* [TASK ITEM] A faithful copy is required: retype the records from their first line through the line with "Hat, platter hat", and omit the pictures.

Records excerpted from a collection:
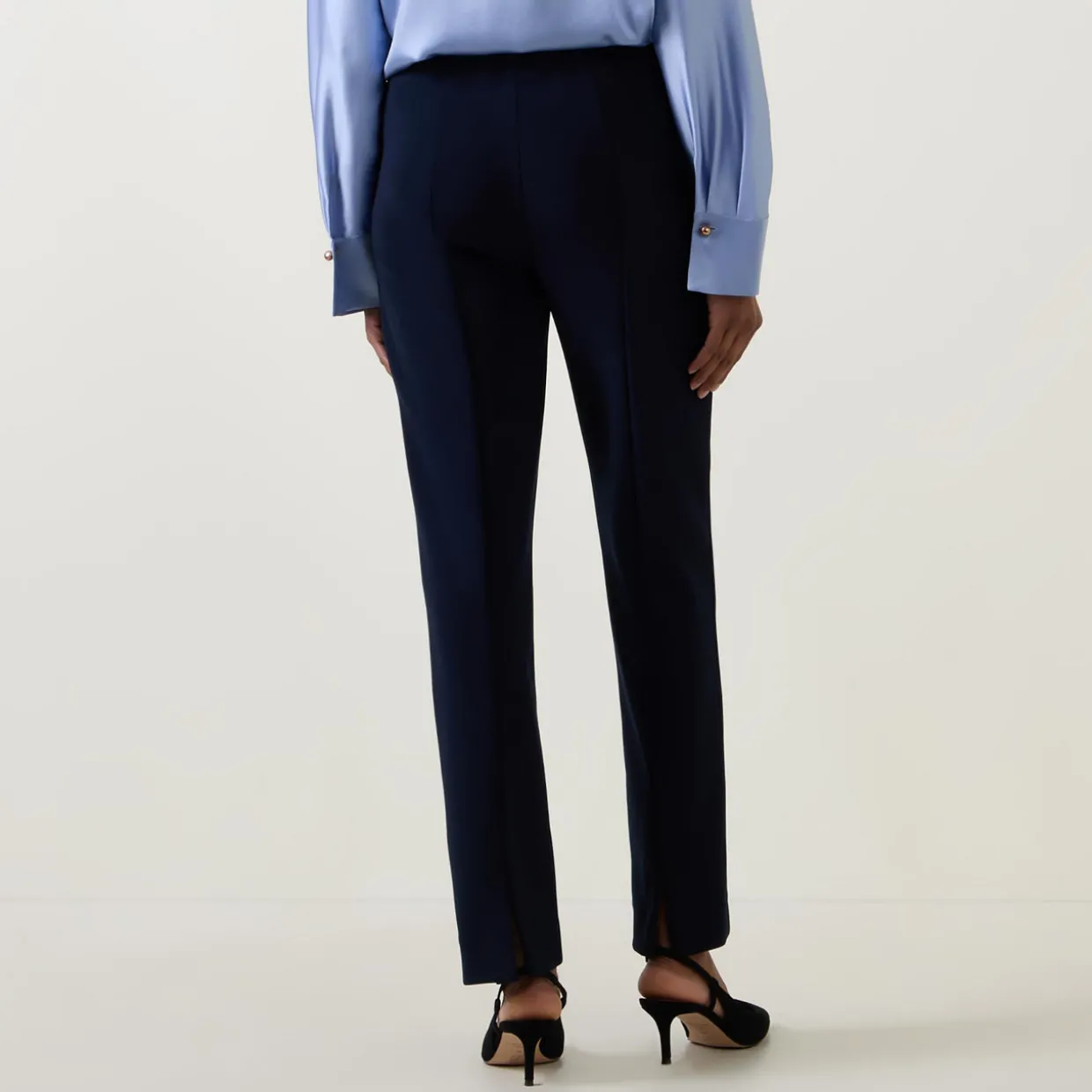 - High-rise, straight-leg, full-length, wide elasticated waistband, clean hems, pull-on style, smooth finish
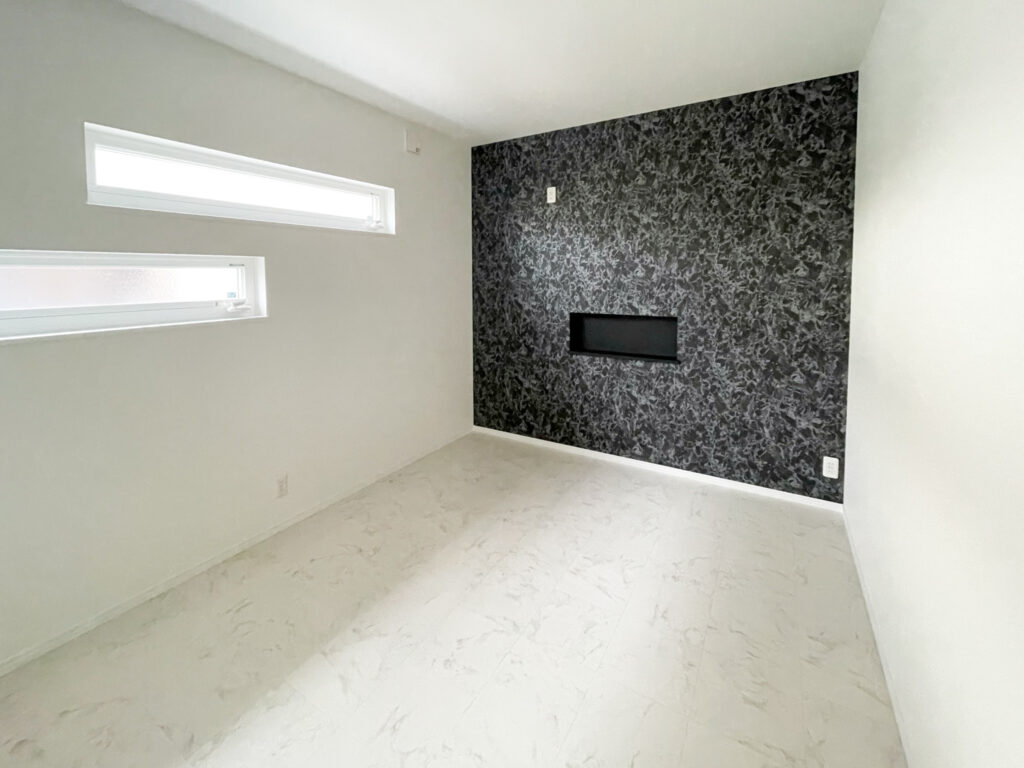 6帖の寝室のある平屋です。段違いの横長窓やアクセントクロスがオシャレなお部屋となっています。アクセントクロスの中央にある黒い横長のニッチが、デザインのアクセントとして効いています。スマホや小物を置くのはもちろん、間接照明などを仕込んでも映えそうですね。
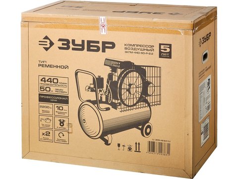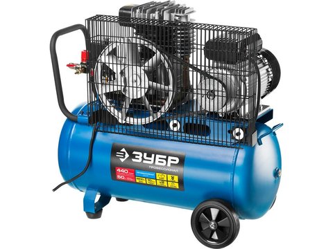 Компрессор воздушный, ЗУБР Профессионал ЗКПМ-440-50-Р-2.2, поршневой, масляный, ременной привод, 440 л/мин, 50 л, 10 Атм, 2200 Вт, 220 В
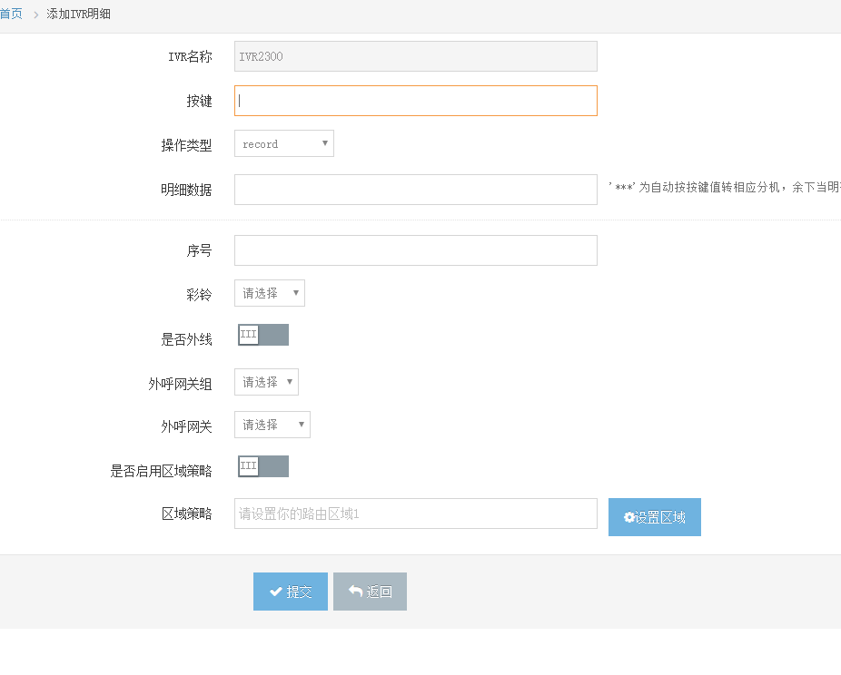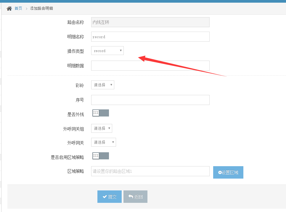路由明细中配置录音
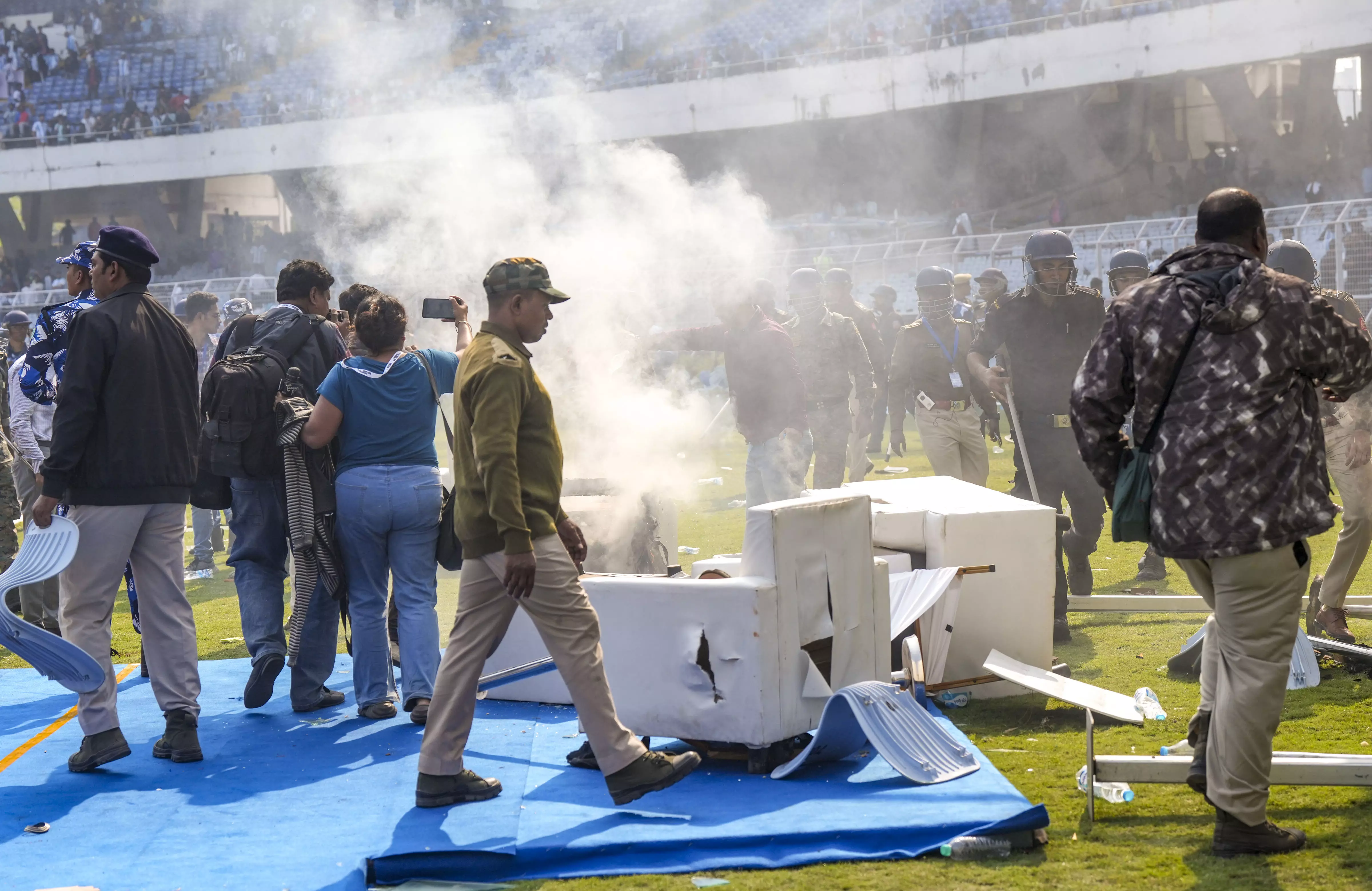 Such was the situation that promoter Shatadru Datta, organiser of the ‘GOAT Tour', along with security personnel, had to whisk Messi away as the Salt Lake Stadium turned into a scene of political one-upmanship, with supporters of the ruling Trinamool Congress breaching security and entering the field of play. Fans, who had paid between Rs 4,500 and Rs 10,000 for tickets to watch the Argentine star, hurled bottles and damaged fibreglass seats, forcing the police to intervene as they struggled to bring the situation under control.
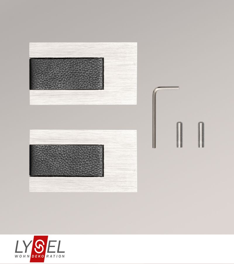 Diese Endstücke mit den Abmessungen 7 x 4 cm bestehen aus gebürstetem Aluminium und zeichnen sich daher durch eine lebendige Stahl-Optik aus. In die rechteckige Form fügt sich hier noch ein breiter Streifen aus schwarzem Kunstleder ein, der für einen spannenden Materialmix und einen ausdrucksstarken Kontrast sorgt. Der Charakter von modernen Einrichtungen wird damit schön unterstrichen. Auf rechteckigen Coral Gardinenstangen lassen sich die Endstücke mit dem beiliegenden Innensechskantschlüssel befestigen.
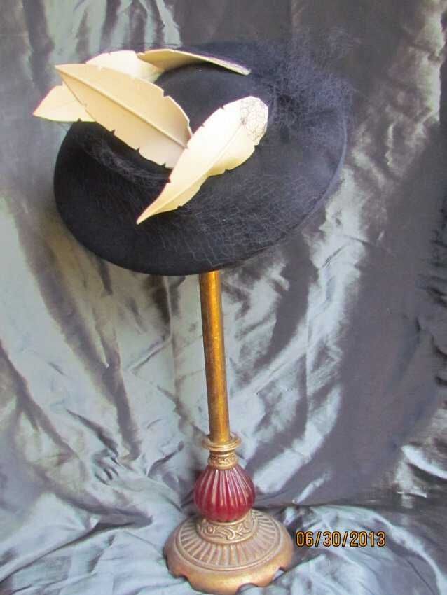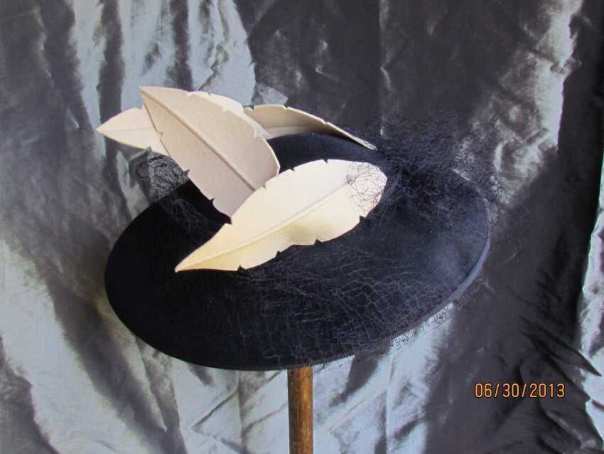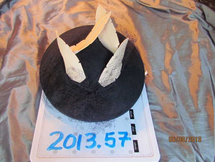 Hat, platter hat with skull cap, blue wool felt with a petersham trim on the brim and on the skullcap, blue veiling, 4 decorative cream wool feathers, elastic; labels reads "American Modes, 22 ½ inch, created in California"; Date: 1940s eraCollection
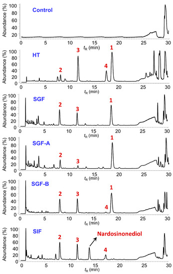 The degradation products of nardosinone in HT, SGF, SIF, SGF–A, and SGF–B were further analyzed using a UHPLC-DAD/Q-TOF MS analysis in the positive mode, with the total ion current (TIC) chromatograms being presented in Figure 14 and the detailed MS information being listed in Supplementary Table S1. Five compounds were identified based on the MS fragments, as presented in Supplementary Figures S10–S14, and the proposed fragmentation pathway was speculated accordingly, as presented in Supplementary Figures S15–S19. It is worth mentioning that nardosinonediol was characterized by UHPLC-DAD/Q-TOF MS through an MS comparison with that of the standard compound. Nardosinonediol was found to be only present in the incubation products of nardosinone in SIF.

* [WRITTEN ANSWER]
 - High-rise, straight-leg, full-length, wide elasticated waistband, clean hems, pull-on style, smooth finish
 6帖の寝室のある平屋です。段違いの横長窓やアクセントクロスがオシャレなお部屋となっています。アクセントクロスの中央にある黒い横長のニッチが、デザインのアクセントとして効いています。スマホや小物を置くのはもちろん、間接照明などを仕込んでも映えそうですね。
 Компрессор воздушный, ЗУБР Профессионал ЗКПМ-440-50-Р-2.2, поршневой, масляный, ременной привод, 440 л/мин, 50 л, 10 Атм, 2200 Вт, 220 В
路由明细中配置录音
 Such was the situation that promoter Shatadru Datta, organiser of the ‘GOAT Tour', along with security personnel, had to whisk Messi away as the Salt Lake Stadium turned into a scene of political one-upmanship, with supporters of the ruling Trinamool Congress breaching security and entering the field of play. Fans, who had paid between Rs 4,500 and Rs 10,000 for tickets to watch the Argentine star, hurled bottles and damaged fibreglass seats, forcing the police to intervene as they struggled to bring the situation under control.
 Diese Endstücke mit den Abmessungen 7 x 4 cm bestehen aus gebürstetem Aluminium und zeichnen sich daher durch eine lebendige Stahl-Optik aus. In die rechteckige Form fügt sich hier noch ein breiter Streifen aus schwarzem Kunstleder ein, der für einen spannenden Materialmix und einen ausdrucksstarken Kontrast sorgt. Der Charakter von modernen Einrichtungen wird damit schön unterstrichen. Auf rechteckigen Coral Gardinenstangen lassen sich die Endstücke mit dem beiliegenden Innensechskantschlüssel befestigen.
 Hat, platter hat with skull cap, blue wool felt with a petersham trim on the brim and on the skullcap, blue veiling, 4 decorative cream wool feathers, elastic; labels reads "American Modes, 22 ½ inch, created in California"; Date: 1940s eraCollection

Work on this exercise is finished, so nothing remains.